HOW HAS THE ALL OUR TRUTHS TOUR BEEN GOING?

The best experience was Auckland, just the show in general. Especially because like in Hamilton none of us (the bands) are from Hamilton and it was the first show of the tour so it felt awkward, and we often wondered how we were setting it up, how soundcheck was flowing and everyone’s nervous as it was the first show.

But then Auckland as a show, the whole day ran smoothly, and we were all comfortable. We set everything up in time and nothing was forgotten, and that was an awesome experience. The actual show time itself was incredible.

The worst experience so far… We blew up the PA system during the set in Auckland. we had Curtis’ bass running straight through into the PA, so it wasn’t going through the amp. So, when the PA cut out, we completely lost my vocals and Curtis’ bass, and it was right before we did this cover, and we never really play covers, but we are playing one special one on tour, and we’re really excited about the cover we’re playing which is heavily dependent on the bass riff, being all centred around that and you just couldn’t hear it. When you’re a singer, it’s easier to pitch your vocals off the bass. You feel it all through your body. I couldn’t hear the bass. So, here I am singing, and then when the chorus comes in, when me and Liam are finally playing guitar, I’ve been singing in the complete wrong key. And I think that I’m screwing up the guitar as opposed to screwing up the vocals. Then I’m like “Am I playing the wrong chord? I’m sure I know what chord this is meant to be but it doesn’t sound right.” It was because I was doing it to what I was singing.

So yeah, that was probably the worst moment on tour so far because when we played that cover in Hamilton and we nailed it. It felt so good. And the crowd loved it and people were filming us and we pulled it off because it’s actually a pretty scary song to cover. We were all like “Well, let’s just take the risk” So it felt really crap to not be able to nail that in Auckland because of how many people were there. But technical difficulties, what can you do? It is what it is.

WHAT CAN WE EXPECT FOR THE UPCOMING TOUR SHOWS?

Absolute antics. There’s a surprise that Skinny Hobos have in their set that they didn’t tell us about either, that they just busted out in Hamilton that got everyone fizzing.

Bakers Eddy are an incredible opening act. I don’t where they get all their energy from. But they’re just like relentless, they’ll really get the crowd going right at the start. Ciarann, the singer, just doesn’t give up. He just screams at everyone and it’s absolutely hilarious and endearing.

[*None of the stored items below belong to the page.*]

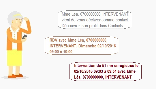 En le faisant, un SMS de prise de contact est envoyé au bénéficiaire, qui est alors informé du profil de l’intervenant (nom et téléphone au minimum, mini-CV…).
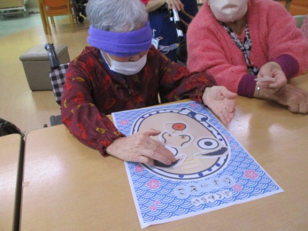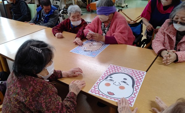デイサービスセンター海峡つばさ館では、日本の伝統的な遊び「福笑い」に挑戦しました!
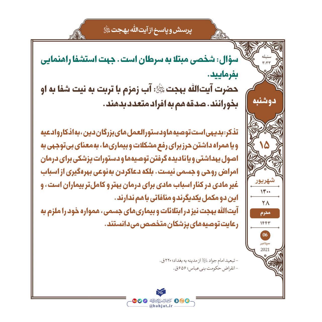 حضرت آیتالله بهجت قدسسره: آب زمزم با تربت به نیت شفا به او بخورانند. صدقه هم به افراد متعدد بدهند.
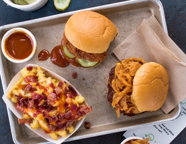 وبطاطا مقلية باربكيو – بطاطا كرينكل مقلية يعلوها لحم عجل مقدد، وجبنة وصلصة شاك باربكيو المميزة.
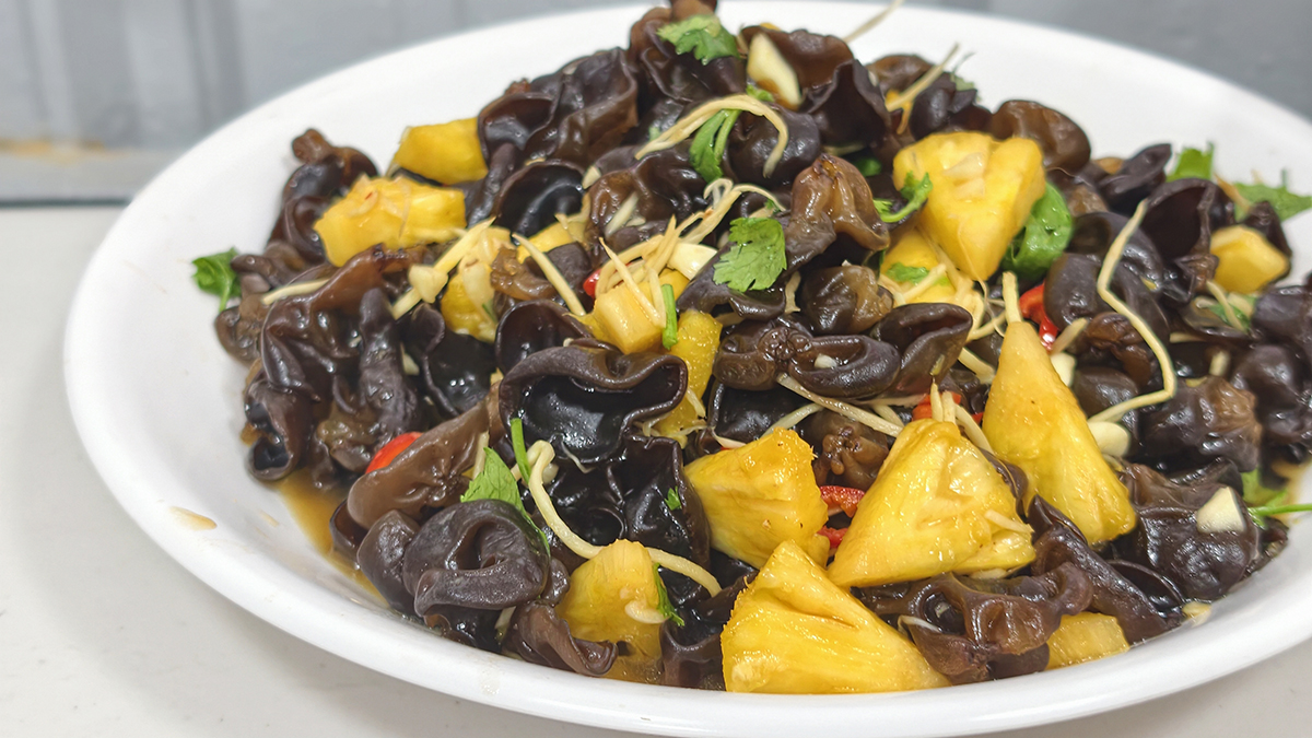 聽完鳳梨小知識、做完點心鳳梨酥,當然要來好好品嚐鳳梨主題午餐!農場特別設計了「鳳梨七品料理」,從前菜、主餐到湯品,樣樣都有鳳梨入菜,層次豐富又不失清爽。像是鳳梨粉絲蝦、鳳梨涼拌木耳、鳳梨醬蒸魚、鳳梨糖醋雞、鳳梨焗雞翅、鳳梨醬嫩薑蒸肉丸、鳳梨排骨湯等,每道菜都將鳳梨的酸甜轉化成一道道創意料理,讓人驚喜連連,胃口大開!

Dead Favours being new, this is their first time out on the road as a band, and they’re just absolutely killing it. They’re so impressive. Their songs are fantastic. Jared is a great frontman.

From our set, you can expect us to play all the album tracks. It’s our first time performing a couple of those tracks live. And just lots of yelling, tenseness, sweatiness and dancing. I’m making us sound the most boring when I’m meant to make people most excited to see us haha! It’s hard to talk about yourself.

I can’t wait! Auckland has really set us off we can’t wait to do the next few it’s gonna be so much fun! It’s so much better than we even expected it to be. It’s awesome!